リビア空爆開始
2011年3月20日
リビア空爆がイギリスとフランスの戦闘機によって始まった。暴動が起きて以来、軍事介入に関し賛否両論あった。だが、休戦協定を結びながらその直後カダフィ側が空爆をしたり、油田を爆破したりと石油関連施設の爆破が進む中、それまでアメリカの覇権を許したくない中国とロシアが反対していたが、日本の原発事故に伴い世論がエネルギー問題で原発推進を見直す方向に動き出したため、俄かに中国とロシアも賛成に回ったため、今までもたついていたリビア空爆が始まったのだ。

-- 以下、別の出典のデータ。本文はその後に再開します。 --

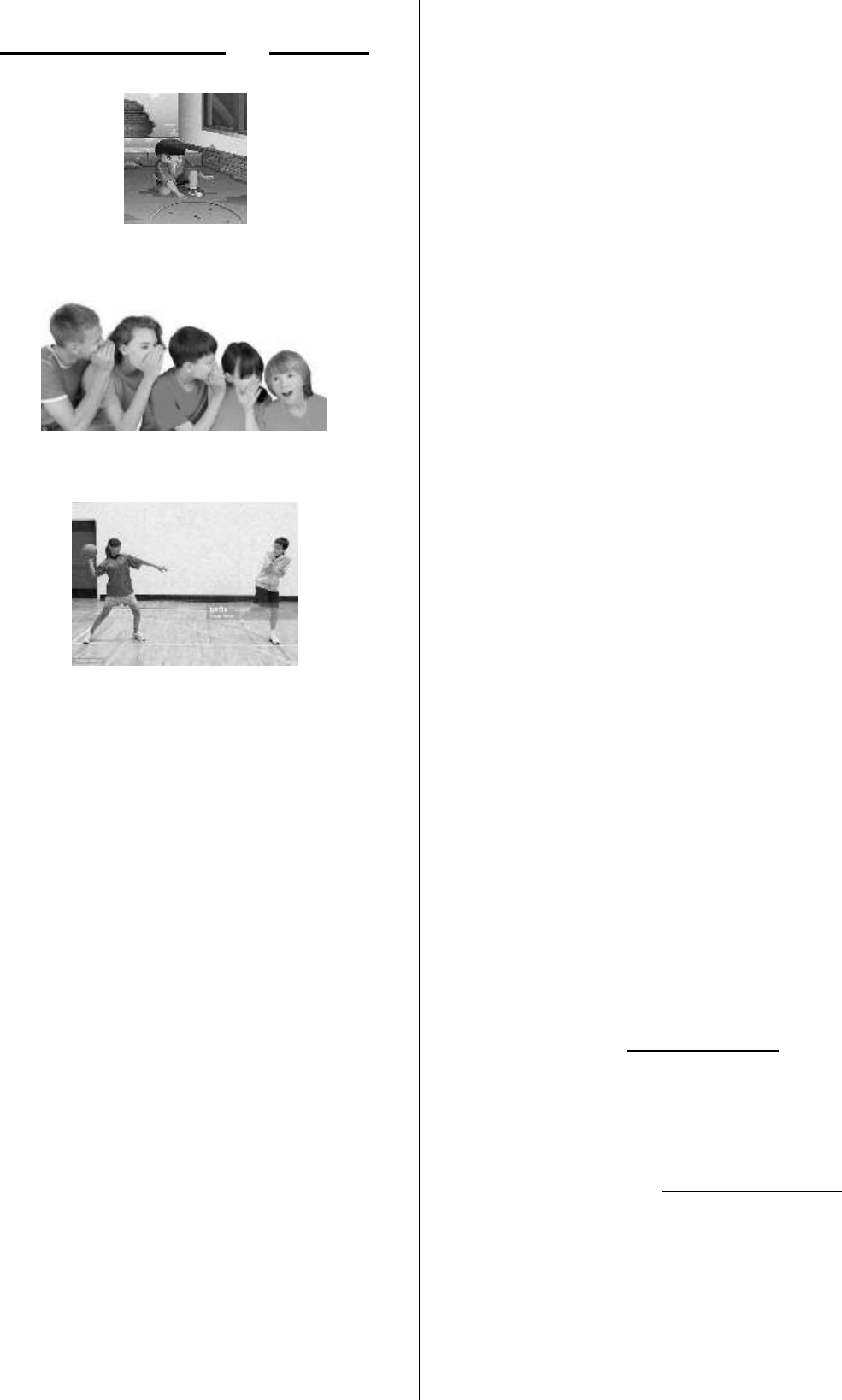ENGLISH TEST – 7TH GRADE Name: Date: / / 1- Marque a opção correta: a) Tag. c) Marbles. b) Tug of war. d) Hopscotch. 2- Marque a opção correta: a) Chinese whispers. c) Jumping rope. b) Tug of war. d) Hide and seek. 3- Marque a opção correta: a) Leapfrog c) Hide and seek. b) Basketball. d) Dodgball. . Read the text and answer the questions: My childhood My name is Rachel. I used to live in Fortaleza when I was a kid. I used to play tag, hopscotch and jumping rope with my friends. I had a happy childhood. 4- Rachel costumava brincar de … a) Pega-pega e esconde-esconde. b) Amarelinha e esconde – esconde. c) Pega-pega e amarelinha. d) Pega-pega e carimba. 5- Rachel não costumava brincar de ... a) Pega-pega. b) Amarelinha. c) Pular corda. d) Queimada. 6- Marque a opção na qual o verbo to be no passado está sendo utilizado de forma errada: a) We were on the beach yesterday. b) I was studying last night. c) They was playing cards. d) She was cooking dinner. 7- Marque a opção na qual o verbo to be no passado está sendo utilizado de forma errada: a) You was watching tv yesterday. b) I was studying last night. c) They were playing basketball. d) She was cooking dinner. Read the text and answer the questions NEW YORK IN 1900 What was New York like in 1900? It was very different to New York today. Let’s see! In 1900 New York city was a very big city. There were more than three million people. It was the biggest city in the USA. In 1900 in New York there weren’t any very tall buildings, called skycrapers, but there were some some big buildings. Skycrapers: arranha-céus Buildings: prédios 8- O assunto principal do texto é: a) As características de Nova Iorque do presente. b) As semelhanças entre Nova Iorque do passado e do presente. c) Os tipos de prédios que existiam. d) Como era a Nova Iorque do passado. 9- Segundo o texto, quantas pessoas moravam em Nova Iorque em 1900: a) 3 milhões de pessoas. b) 4 milhões de pessoas. c) 5 milhões de pessoas. d) 6 milhões de pessoas. Read the text and answer the questions Hello! My name is Vicky. I am a student. Yesterday was Sunday. It was a nice day. In the morning we were at the shopping centre. In the afternoon we were at the playground. Then we were at the fast-food restaurant. In the evening I was at the book shop. My friends were at the park. It was an interesting day. 10- Vicky foi para o no domingo de manhã: a) Restaurant. b) Book shop. c) Playground. d) Shopping centre. 11- Vicky foi para a no domingo a noite: a) Loja de livros. b) Restaurante. c) Playgound. d) School. 12- Diga o gênero correto do filme abaixo: a) Drama. b) Comedy. c) Adventure. d) Horror. 13- Diga o gênero correto do filme abaixo: a) Adventure. b) Sci-fi. c) Horror. d) Thriller. 14- Diga o gênero correto do filme abaixo: a) Romance. b) Drama. c) Thriller. d) Horror. 15- O filme acima pertence aos gêneros: a) Ação, suspense, ficção científica. b) Horror, aventura, ação c) Ação, aventura, ficção científica. d) Ação, drama, aventura. 16- A faixa etária do filme é: a) 13 anos. b) 14 anos. c) 15 anos. d) 16 anos. 17- A duração do filme é: a) 2hr 16 min. b) 2hr 14 min. c) 2hr 59 min. d) 2hr 20 min Read the text and answer the questions: Leia o texto abaixo. Hi! I’m Jane. Everyday I wake up at 8 o’clock, have breakfast with my family and I go to work. At noon, I have lunch and I read a book. I finish my work at 6 o’clock in the evening. I go home, cook dinner and I take a shower. Finally, I have dinner and I go to bed. Disponível em: https://bityli.com/JYJQw. Acesso em: 29 jun. 2022. Fragmento. 18- Nesse texto, no trecho “Hi! I’m Jane.”, a expressão em destaque foi utilizada para A) descrever uma ação. B) identificar uma pessoa. C) mostrar um sentimento. D) noticiar um acontecimento. 19- O que Jane faz quando chega em casa? ________________________________________________ ________________________________________________ 20- Que horas ela termina de trabalhar? ________________________________________________ ________________________________________________

アメリカは国内事情もあり、積極的な姿勢を控えていたが、NATO軍に派遣されているアメリカ軍に対しオバマ大統領が攻撃許可命令をくだした。武力行使は出来る限り避けたいのだが、カダフィは、イラクのフセインなどとは違い、非常に残虐な悪魔のような人間であり、多くの自国民を今まで殺傷してきた。また、1986年には、アメリカ軍による制空権問題でカダフィ公邸をピンポイント攻撃した際、反撃に転じアメリカ空軍戦闘機二機が撃ち落とされ、二人の搭乗員空軍兵士が生き残った。だが、テレビを通じ公開拷問処刑という人間とは思えない所業をなした悪魔である。その放送は全米で流された。私の母校サンフランシスコ州立大学は、空軍プログラム下の大学であったため、同窓生がその撃ち落とされた戦闘機のミサイル技師として搭乗していた。その拷問放送が放映されてから、一週間キャンドル・サービスと共にハンガーストライキを学園キャンパスで行われた。その際、彼の母親もストライキに加わり、私たち生徒たちや教授たちも、キャンパス大芝生に座り込みキャンドルをともし一週間座り続けた。彼の母親は、強かった。「皆さん、泣かないで。私の息子は、この愛するアメリカと世界の平和のために頑張っている」とメッセージを私たちストライキ参加者に告げ、悲しむ私たち若者を逆に励ましていた。しかし、そんな思いも空しく、またアメリカ軍の救出作戦も空しい結果になってしまった。直ぐに当時の我が校とは馴染み深かったレーガン大統領から直接メッセージが届き、ストライキは解除された。
こんな経験もあり、私は個人的にもカダフィだけは許せない指導者の一人であると、あれ以来ずっと思っていた。だが、ここで理解しなければいけないことは、カダフィは典型的なアラブ地域の部族主義に基づく弱肉強食主義に根差した部族長だということだ。よって、彼がリビアをクーデターで奪い取った方法も、部族主義的な方法であった。現在あるアラブ諸国の国境線は、大英帝国時代のイギリスが、石油利権に根差して、彼ら部族民の意志を無視して勝手に引いた国境線であるため、このようなエンドレスな確執が起こっているということを忘れてはならない。映画「アラビアのローレンス」を観ると良く理解できるが、アラブの人たちにとって部族は家族と同じぐらい大切なことなのだ。それを無視した白人社会に対しての反感が非常に大きい。そのことは、理解しておく必要がある。もともと石油は、彼らにとっては大切なものではなかった。何故なら、彼らはラクダと共に暮らしていた。石油が大事になったのは、白人社会による物質文明と共にもたらされて以降のことだ。石油を必要としていたのは、当時白人たちであったのだ。
高をくくっていたカダフィとしては、日本で大震災が起こり原発事故が起こったことで、世界の世論が予想外にガソリン側に動いた。その結果、今日の攻撃が始まってしまった。皮肉なことだ。余談だが、現在日本で救援活動をしているのは、アメリカ海軍第七艦隊を中心にした部隊。リビア攻撃に関わるのはアメリカ海軍第六艦隊を中心にした四軍ということになる。